Developing Your Career

‘Tis the Season for a Career Checkup

By Greg Simpson on December 3, 2013

Turning the calendar over to a new year offers the promise of a fresh start.  At year’s end, will you be celebrating your workplace victories or ruefully questioning the career choices you made over the past 12 months? Taking stock of your career progress every year ensures you’re headed in the right direction with the right organization.  And if you’re not, the close of a new year is the ideal time to make the necessary corrections and put a revamped plan in motion. 

An annual career checkup is critical to the health and vitality of your career.  Acting as your own career coach, it’s easy to perform a self checkup that will evaluate the health of your career on several levels: career management, knowledge and skills; the viability of your profession and current industry; the fiscal and cultural future of your employer; and the opportunities for upward or lateral mobility within your current organization.

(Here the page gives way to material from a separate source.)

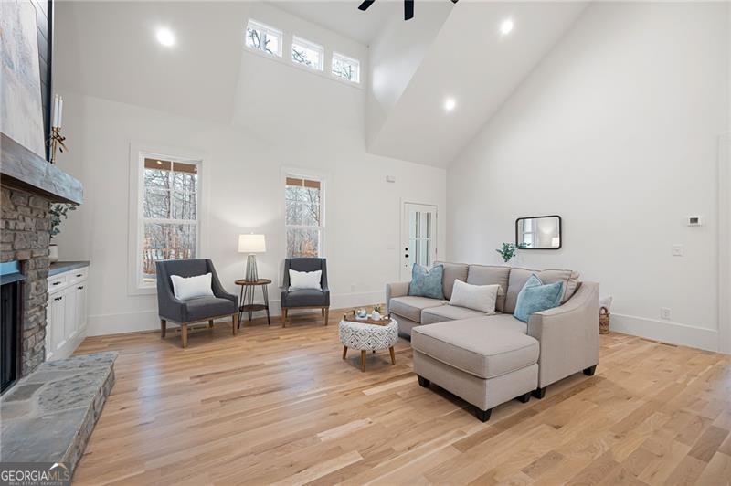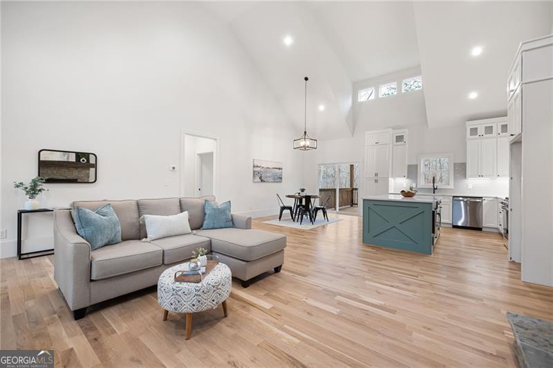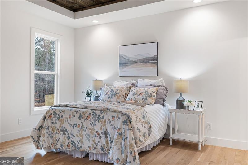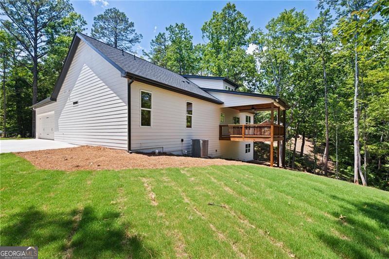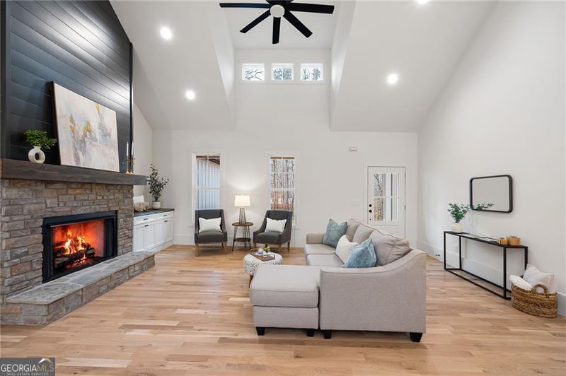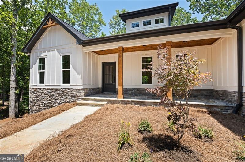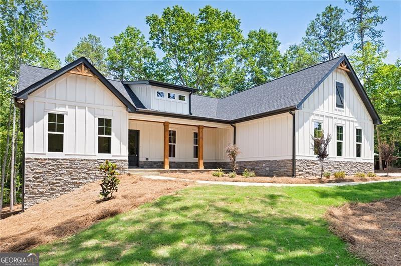 **ASK ABOUT SELLER FINANCING OPTIONS!** The seller is open to offering private financing with competitive terms-potentially lower than current market rates. Let's discuss what could work for you. Prepare to fall in love with this exquisite new construction one level living Ranch style home, thoughtfully designed for modern living with timeless charm. Nestled on a picturesque homesite with lake views and wooded privacy, this one-level beauty offers the perfect blend of elegance, comfort, and functionality-all set over a full, ready-to-customize basement. From the curb, cedar accents and a stone-front porch warmly welcome you, hinting at the quality and style found within. Step inside to find soaring ceilings and gorgeous white oak flooring that flows throughout-completely carpet-free. The heart of the home, the kitchen, is a true showstopper with double-stacked white cabinetry, including glass-front displays, soft-close doors, and a stylish vent hood that draws the eye to the high ceiling. The oversized island includes stainless steel appliances including an under-counter microwave, while quartz countertops and a gas range make everyday cooking feel gourmet. A spacious pantry with roll-out shelving adds practical beauty. The open-concept living area is anchored by a gas fireplace with dramatic shiplap detailing that climbs the vaulted ceiling, flanked by custom built-ins for added charm and storage. The split-bedroom layout offers privacy, with the primary suite serving as a luxurious retreat. Enjoy wood-clad ceilings, two generously sized closets, and panoramic backyard views that include a peaceful pond. The en suite bath and secondary spaces continue the high-end theme with stylish finishes and thoughtful touches throughout. Even daily routines feel indulgent thanks to a well-appointed laundry room featuring a stainless sink and designer accent tile. Outdoors, relax under the covered porch, perfectly positioned to take in the tranquil landscape. The sodded front and back yards offer instant curb appeal, while the side-entry garage includes an epoxy-coated floor for a polished finish. Downstairs, the full basement is already outfitted with a powered, lit panic/tornado room and is ready to become whatever you envision-be it a home theater, workshop, or extended , multi-generational living area. With its refined craftsmanship, abundant storage, high-end finishes, and an unbeatable setting, this home delivers everything you've been dreaming of-and so much more. The look and feel of being away from it all...yet minutes from - Woodland Hills Golf Course, Sam Smith Park, Historic Downtown Cartersville, Lakepoint Sports Complex and even Dallas and Acworth!

Here are seven tips for conducting a thorough career checkup:

  1. Know your market. Determine the viability of your industry and profession by researching occupational projections through the Bureau of Labor Statistics website, conducting Internet searches for recent articles, and reading industry- and job-specific discussions posted on social media.
  2. Assess the value of your skills. Make a list of the skills and knowledge you’ve accumulated over the past year.  Based on your research, what skills will be most valuable in the future?  Is your career at risk due to advancements in technology, increased outsourcing, etc.?  What other skills will you need to maintain your marketability and how can you attain them?
  3. Update your resume. Review and update your resume.  Include responsibilities, accomplishments, awards and any additional education – whether continuing, formal, or organizational development – as well as any other pertinent information from the last year.
  4. Refresh social media profiles.  Update your summary, job description, accomplishments and professional affiliations to make sure they reflect your most recent career activities.  Also identify additional groups to join – with the intention of becoming a contributing member and expanding your influence.
  5. Get a second opinion.  Discuss the progress of your career with a mentor, professional colleague or supervisor.  Solicit honest feedback on your skills and development needs.  Network through these contacts for possible informational interviews.
  6. Jumpstart networking.  Send short, personalized New Year’s greetings to your networking contacts via social media.  Thank contacts who helped you over the past year, update them with your current job status, and extend your own offer of assistance.
  7. Develop an action plan.  Review what you’ve learned and develop a strategy for the upcoming year.  This could include a lateral move, a career change, enrichment in your current position, the desire for a promotion, or a search for another position.

If your career has drifted off course – it’s time to take control.  As Oprah Winfrey puts it, “Cheers to a New Year and another chance for us to get it right.”  And a career checkup is the perfect place to start.